2034年全球地工磚市場預測－依產品類型、密度、形狀、安裝方法、通路、最終用戶和地區分類的分析

根據 Stratistics MRC 預測，全球地工磚市場預計到 2026 年將達到 12 億美元，到 2034 年將達到 21 億美元，在預測期內複合年成長率為 7.0%。
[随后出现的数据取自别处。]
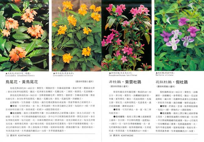 內容包括中名、別名、科名、學名、原產地、最新繁殖方法、栽培重點、花曆,花卉播種注意事項等。花卉種類按科名的英文字母順序配列,查閱方便,全書彩色精印。

地工磚是一種超輕質多孔塑膠材料，主要由發泡聚苯乙烯 (EPS) 和押出成型聚苯乙烯(XPS) 組成，設計用於土木工程和建築領域的岩地工程中作為填充材和隔熱材料。地工磚的密度通常在每立方公尺 10 至 45 公斤之間，用作擋土牆後方、路堤下方或軟弱地基或可壓縮路基土上的輕質路堤材料時，可顯著降低荷載。地工磚提供標準密度和高密度兩種等級，以及客製化的塊狀和板狀產品，並有針對更具挑戰性地質條件的特殊配方。

加速全球道路、橋樑和交通運輸系統等基礎建設投資

北美、歐洲和亞洲各國政府的基礎設施建設支出計畫地工磚，尤其是在地質條件複雜、傳統土方工程會導致不可接受的沉降、不穩定或下部結構荷載過大等問題的情況下。橋樑引道路堤防、軟土地基公路拓寬工程以及回填深度較淺的都市交通隧道是地工磚減載效果至關重要的應用領域。美國《基礎設施投資與就業法案》、歐洲交通基礎設施建設資金以及亞洲基礎設施發展計劃正在擴大地工工程項目的範圍，在這些項目中，地工磚解決方案被視為替代傳統重型路堤的工程方案。

聚苯乙烯廢棄物的管理和使用後處置所引發的環境問題

發泡聚苯乙烯是地工磚的主要成分，由於其生物分解性低、回收基礎設施相對不足以及被指與一次性塑膠污染有關，正面臨全球日益嚴格的環境審查。雖然地工地工磚通常用於土木工程項目，並永久鋪設在道路和建築物下方，但聚苯乙烯整體監管日益嚴格的趨勢正在加劇這種材料的聲譽和監管風險。一些市政當局和運輸公司已對聚苯乙烯產品的採購實施限制，這些限制可能延伸至岩地工程應用領域。即使這些環境問題並非直接針對永久性岩地工程設施，它們也會影響規範制定者的決策，並減緩地工泡棉相對於其他輕質填充材的推廣應用。

寒冷氣候基礎設施和綠色建築地基中的隔熱應用

兼具結構填充材和隔熱材料雙重功能的地工磚，在寒冷地區基礎設施建設項目中日益受到關注，因為在這些地區，防凍至關重要。在永久凍土或季節性凍土地區，道路、管道和建築地基都需要保溫以防止凍脹損壞，而地工磚提供了一種尺寸穩定的工程解決方案，能夠同時滿足岩地工程和隔熱保溫的要求。被動式房屋建造和節能建築地基的日益普及，也逐漸增加了對地工磚作為地基隔熱材料的需求，以減輕軟土地基上的結構荷載。這些以保溫為重點的應用，正在將目標市場拓展到傳統岩土填充材之外。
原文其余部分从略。